## Task to carry out
What is needed is a faithful transcription of all the data below, pictures excluded.

## Information shown
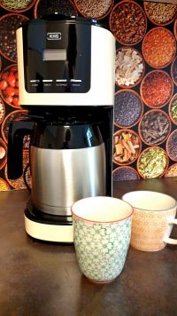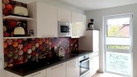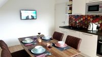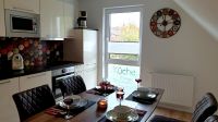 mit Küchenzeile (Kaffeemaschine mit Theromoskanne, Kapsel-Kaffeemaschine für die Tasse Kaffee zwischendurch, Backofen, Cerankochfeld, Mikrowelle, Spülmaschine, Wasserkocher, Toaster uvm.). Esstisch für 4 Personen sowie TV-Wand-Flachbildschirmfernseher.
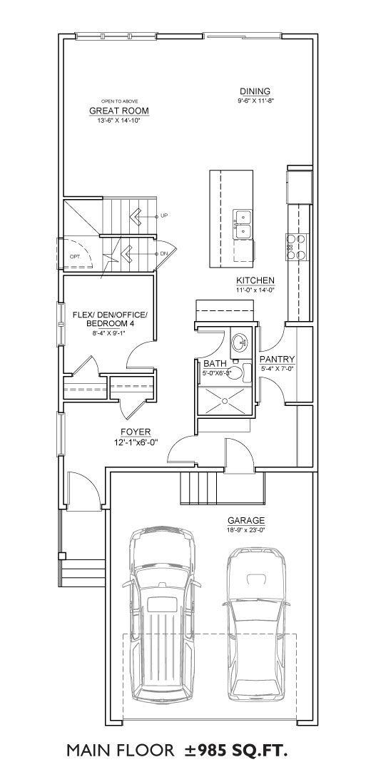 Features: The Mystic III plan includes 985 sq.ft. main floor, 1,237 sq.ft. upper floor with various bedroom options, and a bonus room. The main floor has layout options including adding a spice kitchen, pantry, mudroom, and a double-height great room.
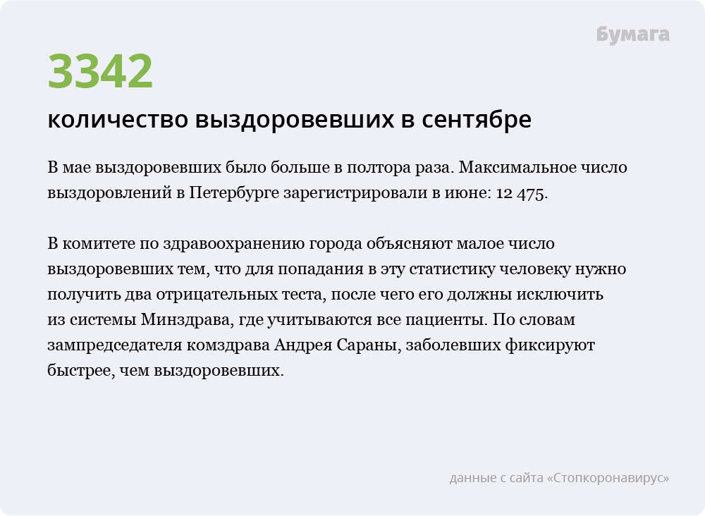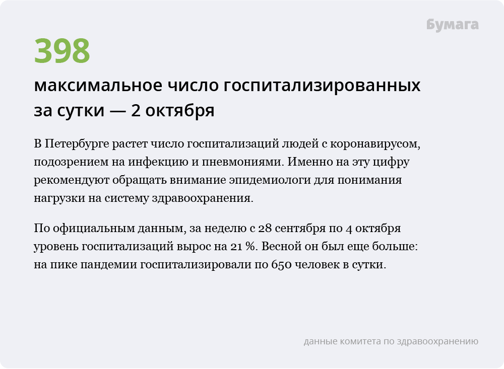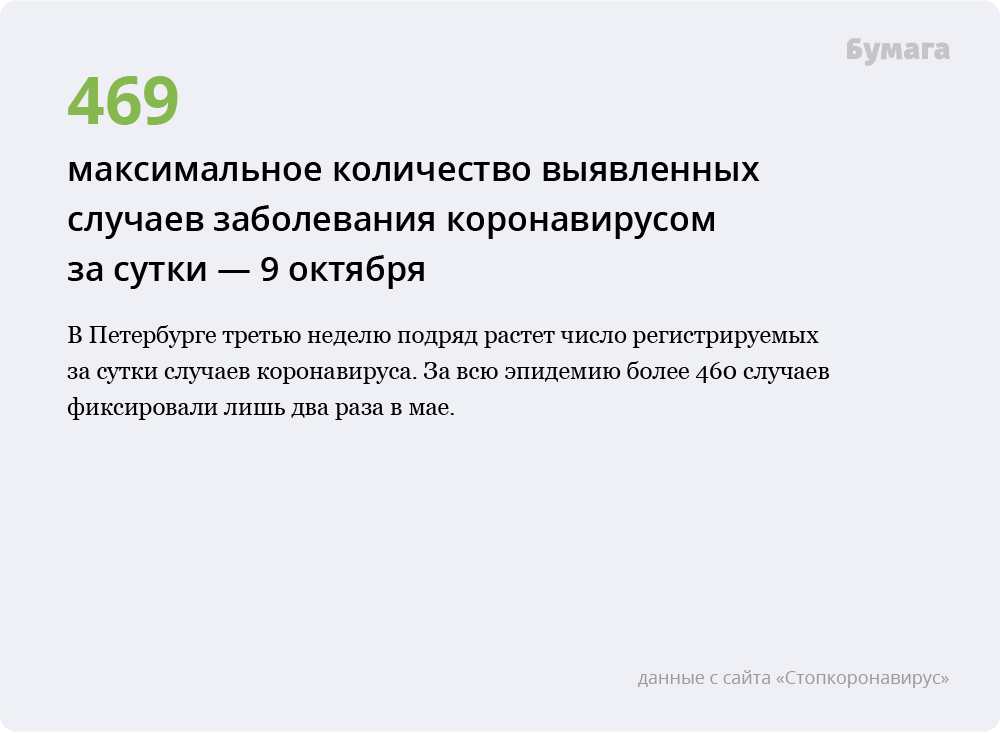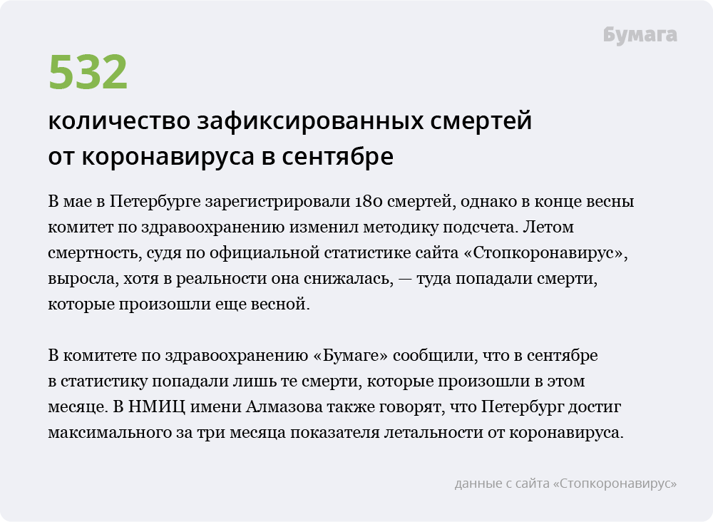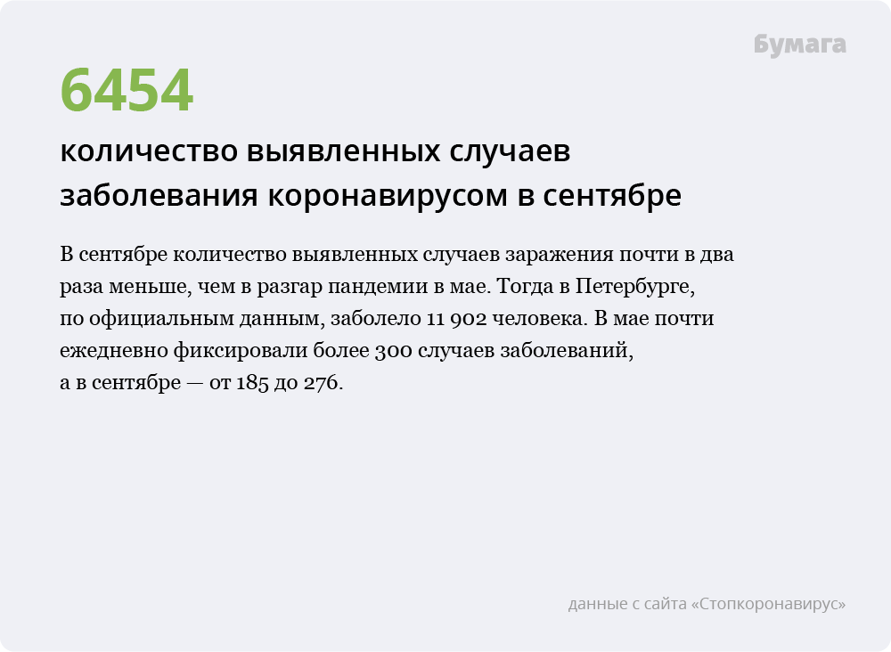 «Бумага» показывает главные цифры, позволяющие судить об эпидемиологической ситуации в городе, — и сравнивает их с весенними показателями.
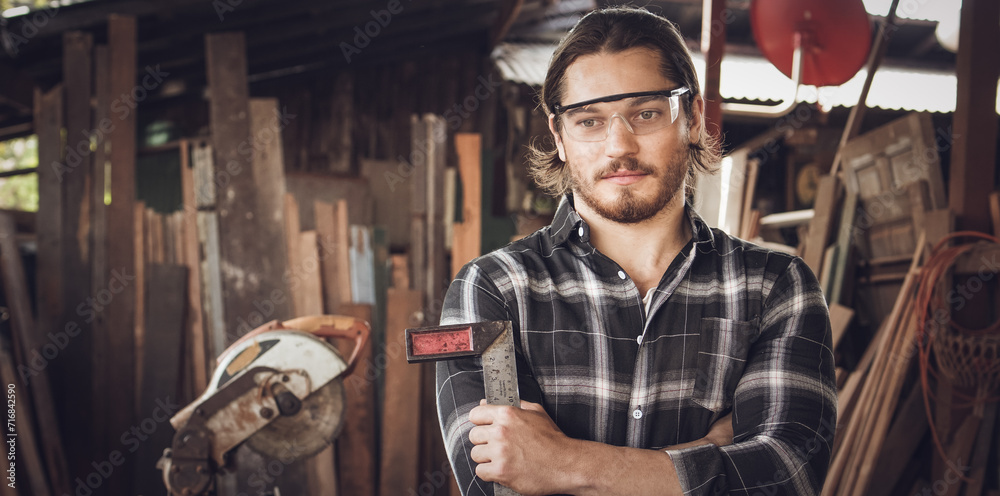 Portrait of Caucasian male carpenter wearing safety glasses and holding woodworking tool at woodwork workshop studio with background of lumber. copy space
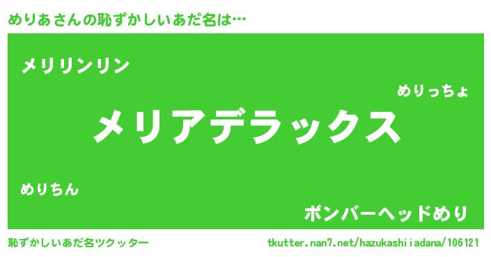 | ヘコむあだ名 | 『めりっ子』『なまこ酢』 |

## Solution
 mit Küchenzeile (Kaffeemaschine mit Theromoskanne, Kapsel-Kaffeemaschine für die Tasse Kaffee zwischendurch, Backofen, Cerankochfeld, Mikrowelle, Spülmaschine, Wasserkocher, Toaster uvm.). Esstisch für 4 Personen sowie TV-Wand-Flachbildschirmfernseher.
 Features: The Mystic III plan includes 985 sq.ft. main floor, 1,237 sq.ft. upper floor with various bedroom options, and a bonus room. The main floor has layout options including adding a spice kitchen, pantry, mudroom, and a double-height great room.
 «Бумага» показывает главные цифры, позволяющие судить об эпидемиологической ситуации в городе, — и сравнивает их с весенними показателями.
 Portrait of Caucasian male carpenter wearing safety glasses and holding woodworking tool at woodwork workshop studio with background of lumber. copy space
 | ヘコむあだ名 | 『めりっ子』『なまこ酢』 |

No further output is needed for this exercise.